It appears that Dad wrote to the Earl to say that the British Army was now using his Veneto home and that the building had not been damaged in the fighting. Indeed the soldiers, including a group who were planning to become Anglican priests once they got home, were enjoying the property and its gardens and were looking after it.

In April 1946, a letter arrived for `Dr` W Fitz H Curtis at the Rear HQ for the 13 Corps in Asolo. It was a `thank you` letter from the 2nd Earl of Iveagh who was living at Pyrford Court near Woking in Surrey. The envelope also included two calling cards – one for  the Earl and one for the Countess of Iveagh both of `11 St James`s Square, S.W.`

`My wife and I are most grateful to you for writing to us about Asolo. We have been amazingly fortunate in that, not only did our house escape damage during the war, but that it has been occupied, as it has been during these last months. It has been a double advantage to know that it is being cared for – and that it is being put to so useful a purpose.`

They looked forward to seeing it again and were sure that everyone who was working there would remember the place fondly – St Georges House, the little walled town of Asolo and Monte Grappa. Asolo is called the ‘city of a hundred horizons’ and ‘pearl of the Veneto’ – a town beloved by generations of poets, artists, writers and composers. During the Second World War, the Partisans sought refuge on Monte Grappa. Here the Nazis killed a huge number of soldiers, and those who had not been killed in battle were publicly hanged at Bassana del Grappa.

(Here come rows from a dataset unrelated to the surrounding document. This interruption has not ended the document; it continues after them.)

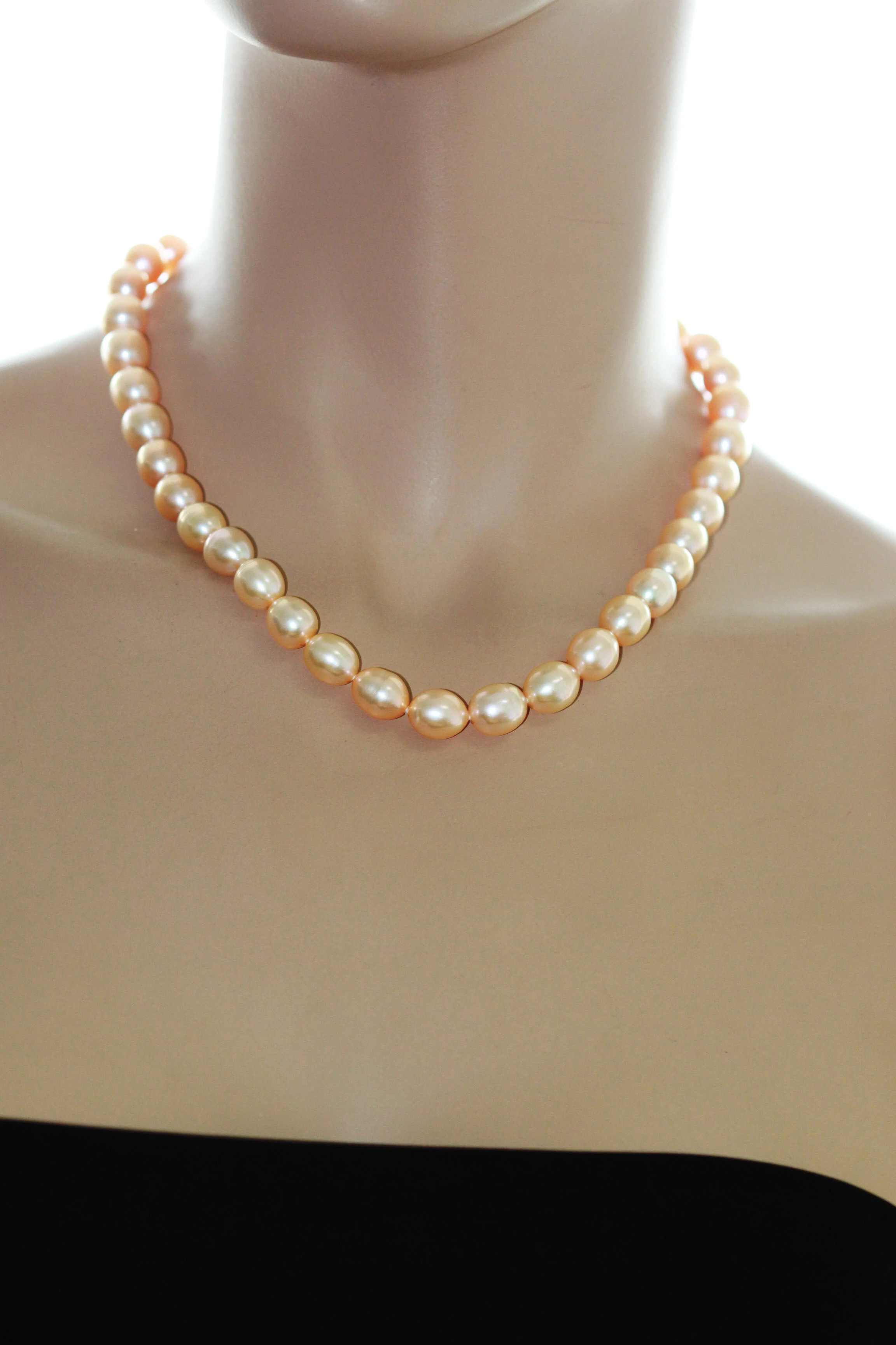 Классическое жемчужное ожерелье собрано из отборных жемчужин пресной воды. В колье подобраны жемчужины в форме риса персикового оттенка. Жемчужины имеют ровную поверхность и яркий блеск.
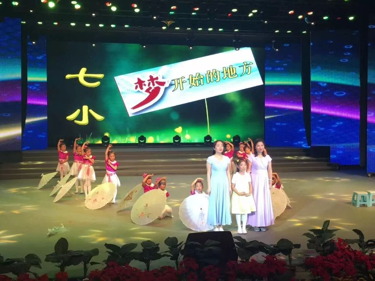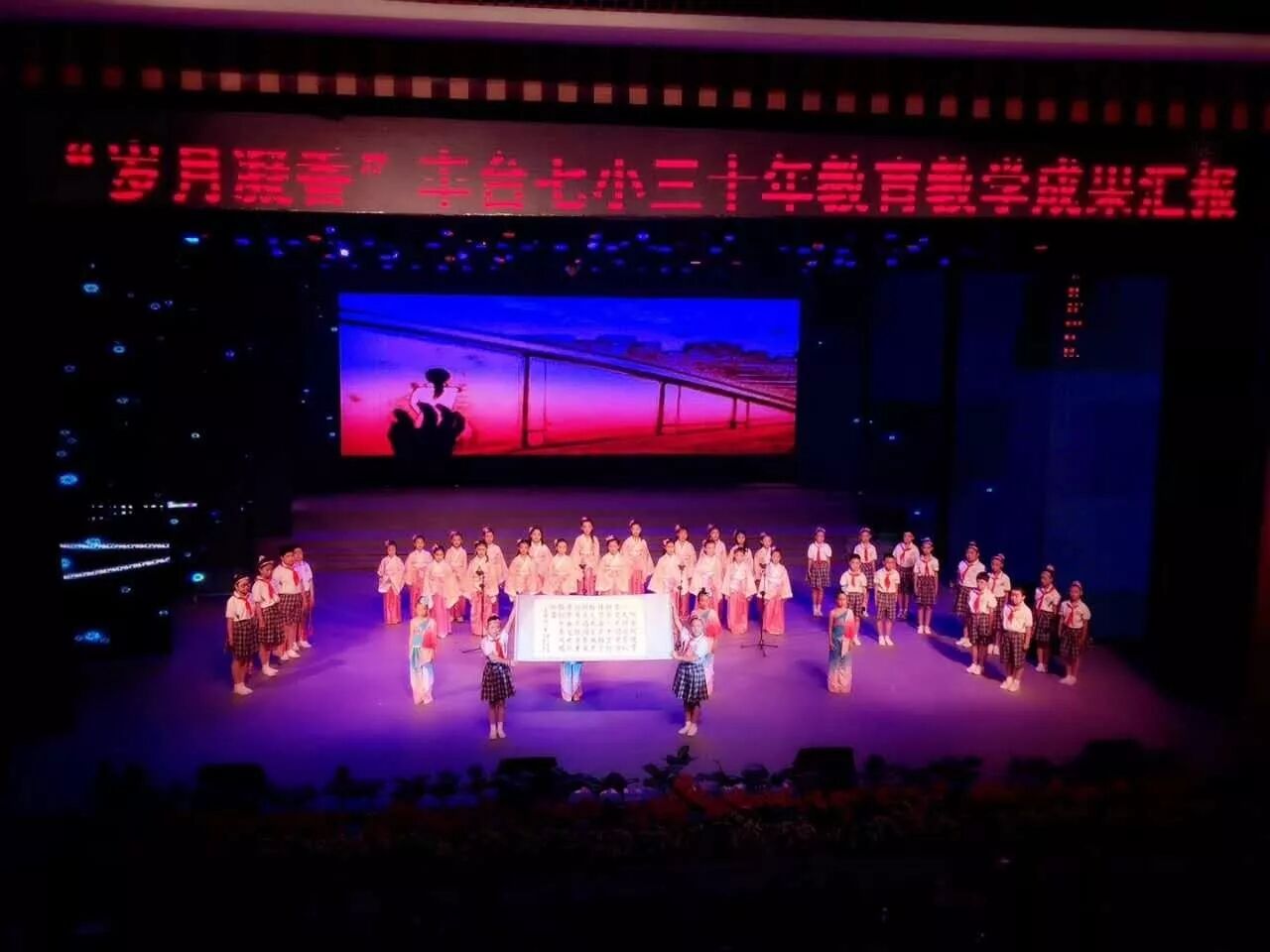 丰台七小校合唱队学生演唱的《萤火虫》和《校园多美好》拉开教育教学成果汇报展示的序幕。二、三年级学生表演音乐剧《梦开始的地方》和舞蹈《追梦》,表达了同学们对老师,对七小深深的敬爱之情。四、五年级学生用自己创作的诗词表达自己对七小建校30周年的喜悦与热爱。
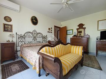 Una corte esterna privata di circa 300 mq introduce la proprietà, composta al piano rialzato da una cucina abitabile con camino, un luminoso soggiorno con uscita sul giardino, un ampio balcone abitabile a servizio di entrambe le stanze ed un bagno. Tramite una scalinata interna si raggiunge il piano primo, costituito da tre spaziose camere da letto ed un bagno con vasca e doccia. Completa il piano un balcone con suggestiva vista mare. Al piano secondo la soluzione dispone di due ulteriori vani e di un bagno con doccia. Completano l'immobile, al piano seminterrato, una rifinita taverna con servizio, cantina, ripostiglio ed un ampio garage, collegati internamente tramite una scalinata.
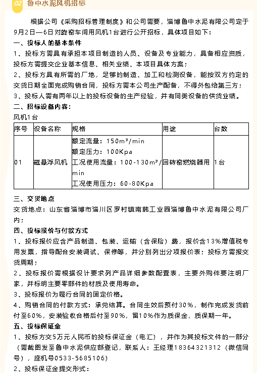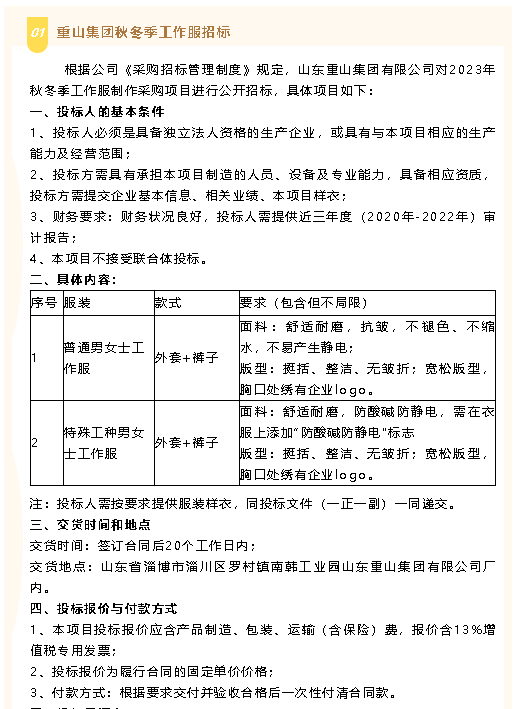 【招標(biāo)公告】重山集團秋冬季工作服、魯中水泥風(fēng)機招標(biāo)

I found this letter and the calling cards among some family papers years after my Dad died. Some research led me to the Elvedon estate in Suffolk owned by the current Earl of Iveagh (the 4th), known to his family as Edward or Ned. Rupert and Gwendolen Iveagh were his grandparents who died in 1967 and 1963 respectively. He said it was a `tremendously kind act` of Dad to bother to write and described the letter and cards from his grandparents as a `little gem`. I have donated it to the Iveagh family archive.


Plucked  from Chapter 1 Picture in a Frame…..

`My Dad always kept a photograph of his brother on his study desk at the Vicarage. This faded photo witnessed the full names for the christenings (Robert Andrew Scarborough Ferris, anyone?), the couple`s bliss of the impending wedding banns, and the undertaker`s latest list of departures.`

So begun a paragraph in the first chapter of Deadlines. Robert Andrew Scarborough Ferris was the full name of Bob Ferris, one of The Likely Lads. In the television comedy `Whatever happened to the Likely Lads`, written by Dick Clement and Ian Le Frenais and first broadcast across 1973 and 1974, Bob aspired to greater respectability and middle class status. His friend Terry Collier, back in Newcastle upon Tyne after five years in the Army, hung onto his working class roots and ridiculed Bob`s pretensions. The series attracted 27 million viewers.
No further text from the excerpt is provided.